* _Prompt_: Print the line containing "スタンプー ダイソーのフォト" and all lines after it to the end of the records below, exactly as written. No pictures.

══ Listed records

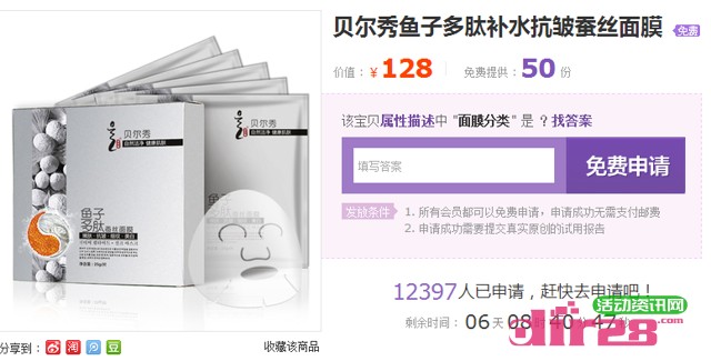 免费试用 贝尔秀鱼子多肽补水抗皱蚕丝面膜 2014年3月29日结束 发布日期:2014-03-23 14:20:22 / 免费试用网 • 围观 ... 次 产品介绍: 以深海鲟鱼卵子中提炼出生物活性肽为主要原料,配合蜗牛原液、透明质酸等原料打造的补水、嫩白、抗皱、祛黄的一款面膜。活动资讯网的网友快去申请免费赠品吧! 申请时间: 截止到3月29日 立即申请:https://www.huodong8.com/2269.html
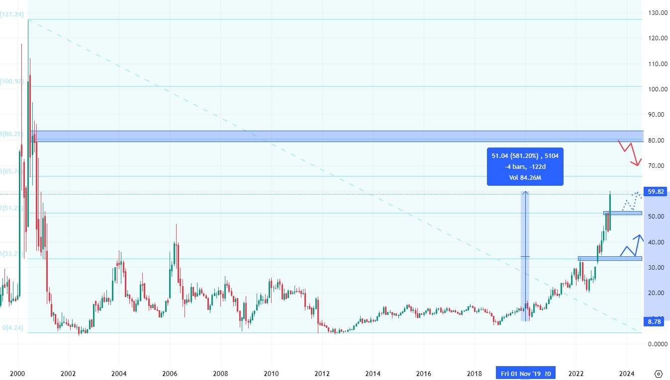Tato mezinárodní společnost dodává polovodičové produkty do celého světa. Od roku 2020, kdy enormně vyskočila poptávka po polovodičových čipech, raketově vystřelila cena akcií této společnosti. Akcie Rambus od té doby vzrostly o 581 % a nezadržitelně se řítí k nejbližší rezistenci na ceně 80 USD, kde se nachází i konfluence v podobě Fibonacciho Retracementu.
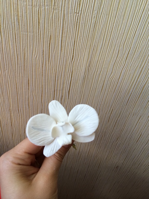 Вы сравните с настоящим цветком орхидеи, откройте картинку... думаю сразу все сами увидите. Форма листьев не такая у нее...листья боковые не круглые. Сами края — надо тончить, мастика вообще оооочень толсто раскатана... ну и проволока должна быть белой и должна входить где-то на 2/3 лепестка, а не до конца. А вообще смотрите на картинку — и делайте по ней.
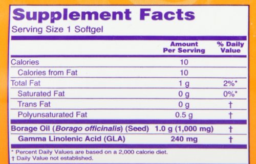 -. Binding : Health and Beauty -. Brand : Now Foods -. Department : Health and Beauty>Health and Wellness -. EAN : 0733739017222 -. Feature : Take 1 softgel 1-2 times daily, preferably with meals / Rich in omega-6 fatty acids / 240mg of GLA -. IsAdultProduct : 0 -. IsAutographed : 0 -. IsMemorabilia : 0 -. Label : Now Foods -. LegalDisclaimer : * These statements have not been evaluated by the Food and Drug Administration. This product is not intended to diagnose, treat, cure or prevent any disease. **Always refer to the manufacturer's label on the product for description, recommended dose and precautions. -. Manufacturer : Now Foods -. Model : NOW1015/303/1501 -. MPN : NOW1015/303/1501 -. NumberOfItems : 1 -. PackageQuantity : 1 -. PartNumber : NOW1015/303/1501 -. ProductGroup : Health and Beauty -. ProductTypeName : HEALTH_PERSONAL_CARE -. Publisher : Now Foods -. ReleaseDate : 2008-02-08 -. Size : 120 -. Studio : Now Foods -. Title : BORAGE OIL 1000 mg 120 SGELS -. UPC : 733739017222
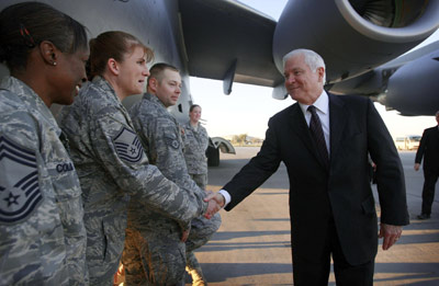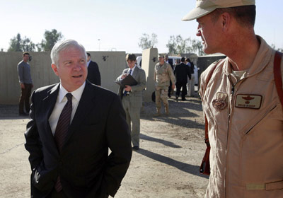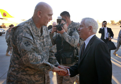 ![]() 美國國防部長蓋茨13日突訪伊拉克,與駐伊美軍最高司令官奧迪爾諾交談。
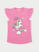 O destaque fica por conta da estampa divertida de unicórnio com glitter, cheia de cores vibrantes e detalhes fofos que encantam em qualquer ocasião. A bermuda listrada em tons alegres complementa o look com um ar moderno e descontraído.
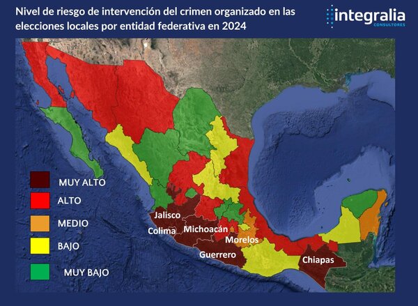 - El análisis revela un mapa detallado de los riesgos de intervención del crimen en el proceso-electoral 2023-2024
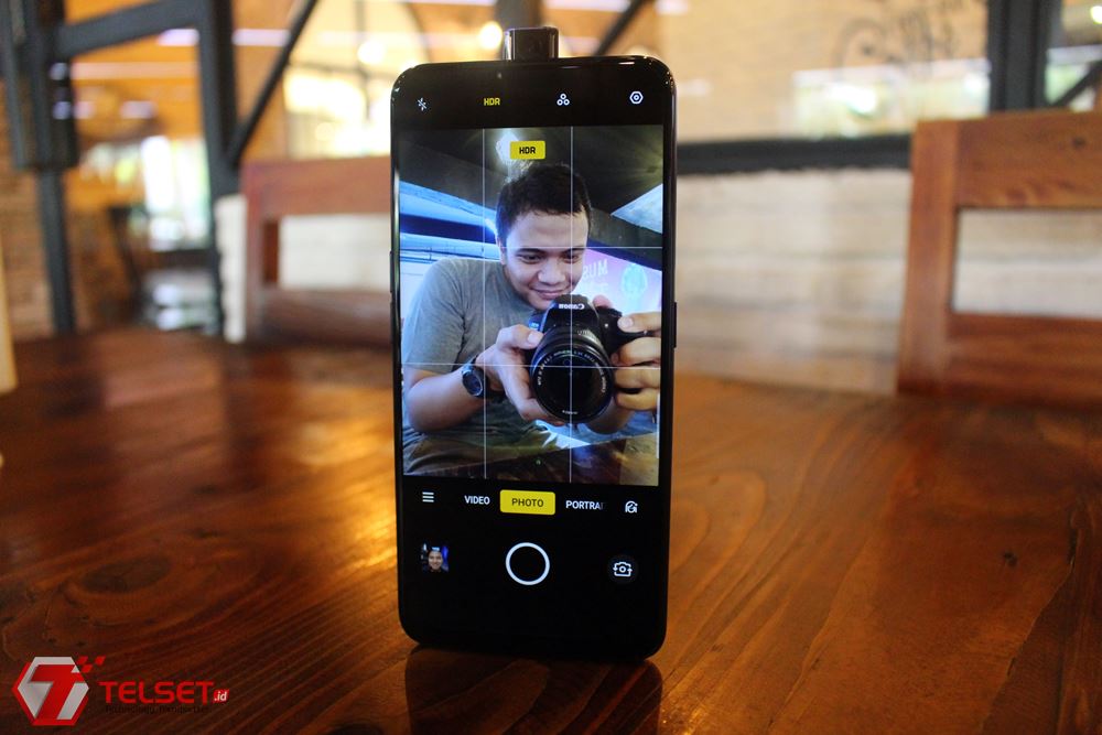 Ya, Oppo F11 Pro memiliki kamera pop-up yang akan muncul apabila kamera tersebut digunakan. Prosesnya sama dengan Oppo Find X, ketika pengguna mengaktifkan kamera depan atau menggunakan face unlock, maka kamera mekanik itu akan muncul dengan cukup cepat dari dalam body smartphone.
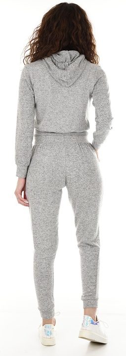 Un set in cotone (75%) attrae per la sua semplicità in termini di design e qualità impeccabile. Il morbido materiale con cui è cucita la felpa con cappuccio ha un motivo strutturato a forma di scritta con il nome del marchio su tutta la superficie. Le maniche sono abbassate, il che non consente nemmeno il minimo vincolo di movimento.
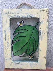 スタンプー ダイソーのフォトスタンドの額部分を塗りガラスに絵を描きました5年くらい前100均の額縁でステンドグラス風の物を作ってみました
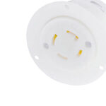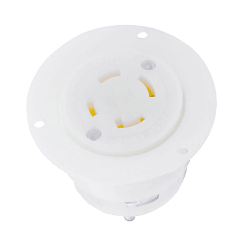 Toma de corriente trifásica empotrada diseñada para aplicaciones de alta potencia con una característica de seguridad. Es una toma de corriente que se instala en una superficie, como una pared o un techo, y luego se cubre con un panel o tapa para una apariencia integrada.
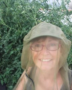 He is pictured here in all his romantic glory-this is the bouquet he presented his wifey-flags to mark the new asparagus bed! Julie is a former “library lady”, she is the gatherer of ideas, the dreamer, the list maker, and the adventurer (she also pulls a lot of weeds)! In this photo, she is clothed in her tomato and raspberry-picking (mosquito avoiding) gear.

════

* _Exercise answer_:
 スタンプー ダイソーのフォトスタンドの額部分を塗りガラスに絵を描きました5年くらい前100均の額縁でステンドグラス風の物を作ってみました
 Toma de corriente trifásica empotrada diseñada para aplicaciones de alta potencia con una característica de seguridad. Es una toma de corriente que se instala en una superficie, como una pared o un techo, y luego se cubre con un panel o tapa para una apariencia integrada.
 He is pictured here in all his romantic glory-this is the bouquet he presented his wifey-flags to mark the new asparagus bed! Julie is a former “library lady”, she is the gatherer of ideas, the dreamer, the list maker, and the adventurer (she also pulls a lot of weeds)! In this photo, she is clothed in her tomato and raspberry-picking (mosquito avoiding) gear.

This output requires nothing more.